Kofun period burial mounds in Motosu, Chūbu, Japan

Funakiyama Kofun group (船来山古墳群, Funakiyama kofun-gun) is a cluster of Kofun period burial mounds located the city of Motosu, Gifu Prefecture in the Chūbu region of Japan. It was designated a National Historic Site of Japan in 2018.

==Overview==
The Funaiyama Kofun group is the largest cluster of kofun in the Tōkai region, and was constructed from the 3rd to the 7th century, on a mountain called Mount Funaki straddling the border of the cities of Motosu and Gifu. To date, 290 burial mounds have been discovered. Mount Funaki is a long and narrow mountain about 2 kilometers east-to-west by about 600 meters north-to-south, with an elevation of 64 to 115 meters. The ancient burial mounds are built from the foot of the mountain to the summit, and consist of various types of kofun: square (hōfun (方墳)), round (empun (円墳)), two "cojoined-rectangle" style (zenpō-kōhō-fun (前方後方墳)) and keyhole-style (zempō-kōen fun (前方後円墳)). Approximately a quarter of the mountain is covered by the National Historic Site designation, including 111 tumuli (112 if a single Yayoi period tomb is included), all of which are on the Motosu side of the mountain.
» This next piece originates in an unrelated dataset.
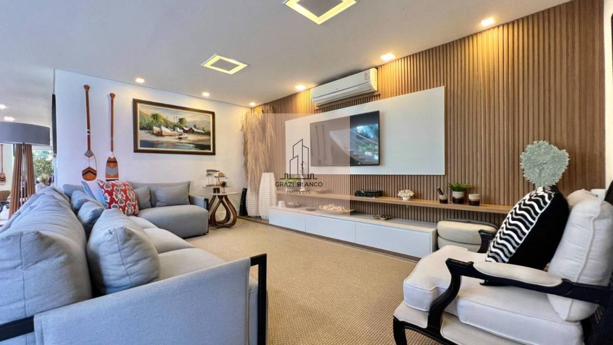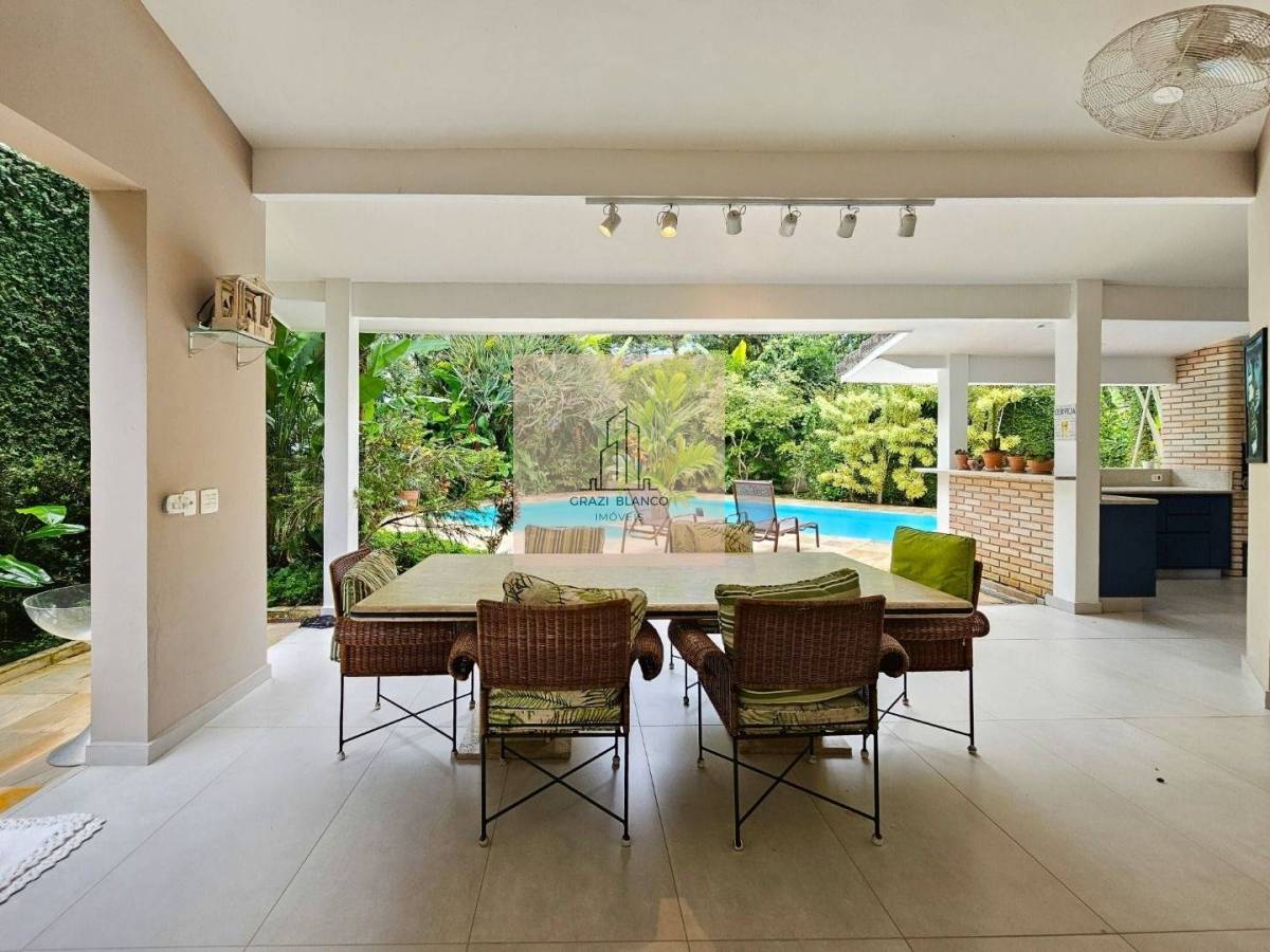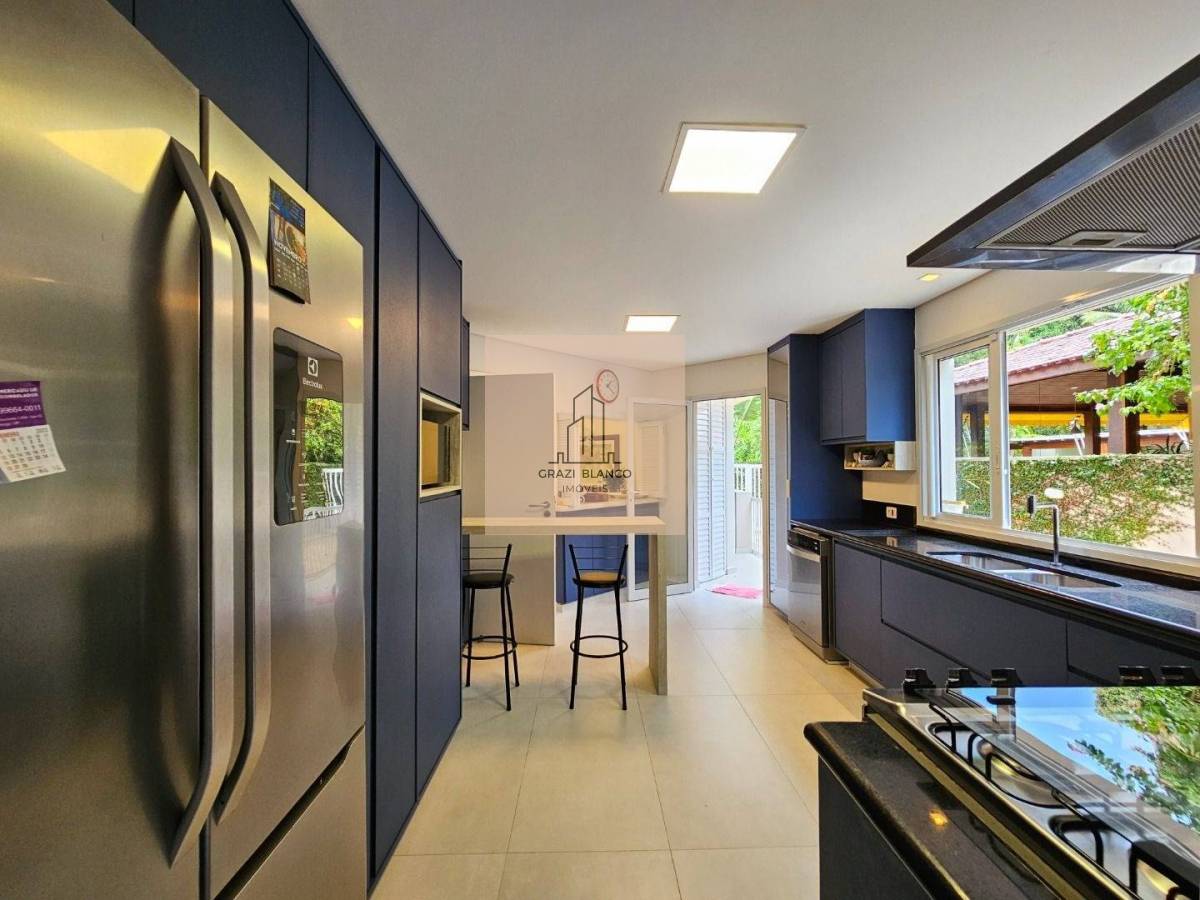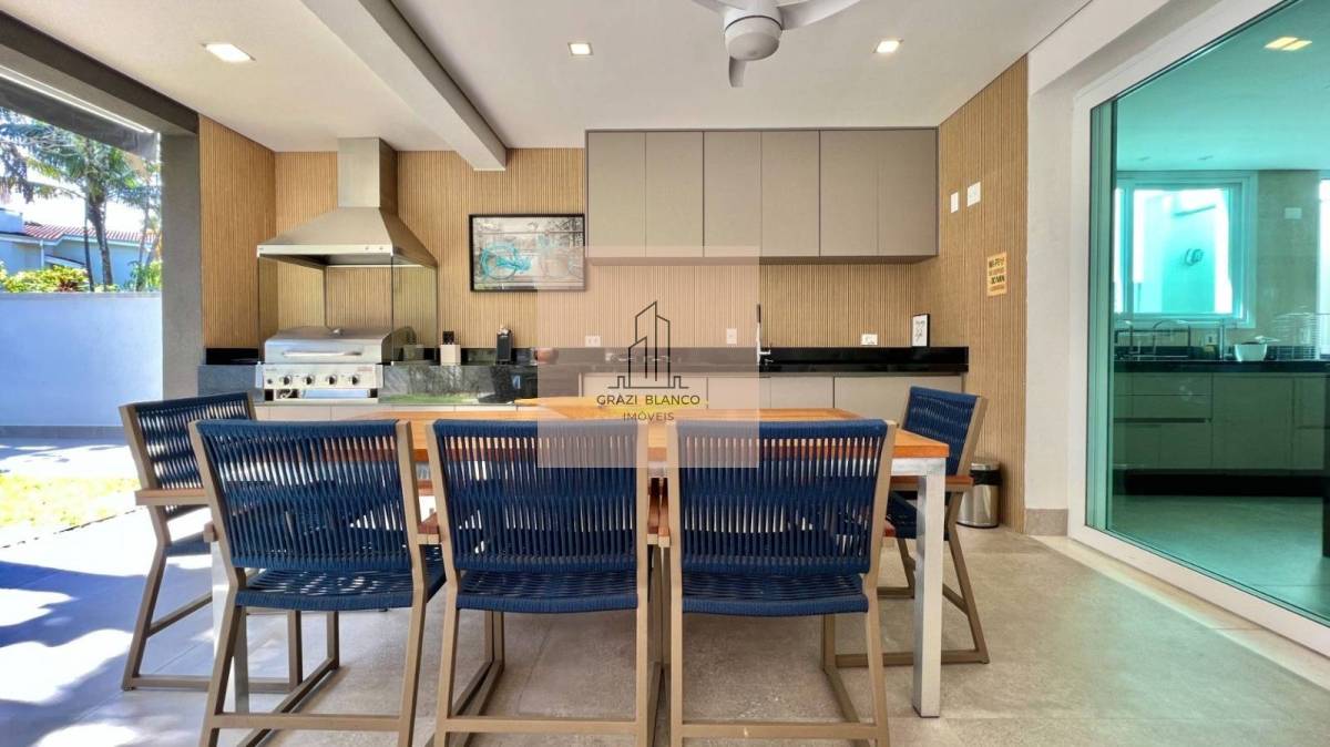 Finamente mobiliada e decorada, a moradia dividida em 2 pavimentos conta com 6 belíssimas suítes (1 delas no térreo), living para 3 ambientes, cozinha americana integrada, lavabo, área de serviço e 4 vagas de garagem.

Of the 290 tombs, 237 are on the Motosu side, and 162 of these have been excavated. Both horizontal and vertical type burial chambers have been found, often with large quantities of grave goods, which included bronze mirrors, iron swords and armor, horse fittings, agricultural implements, jewelry (such as round and cylindrical beads, and magatama), Sue ware and Haji ware pottery, and human bones. On October 13, 2017, 687 items excavated were designated as Gifu Prefecture Important Cultural Properties and 8,093 other excavated artifacts were designated as Tangible Cultural Properties of Motosu city.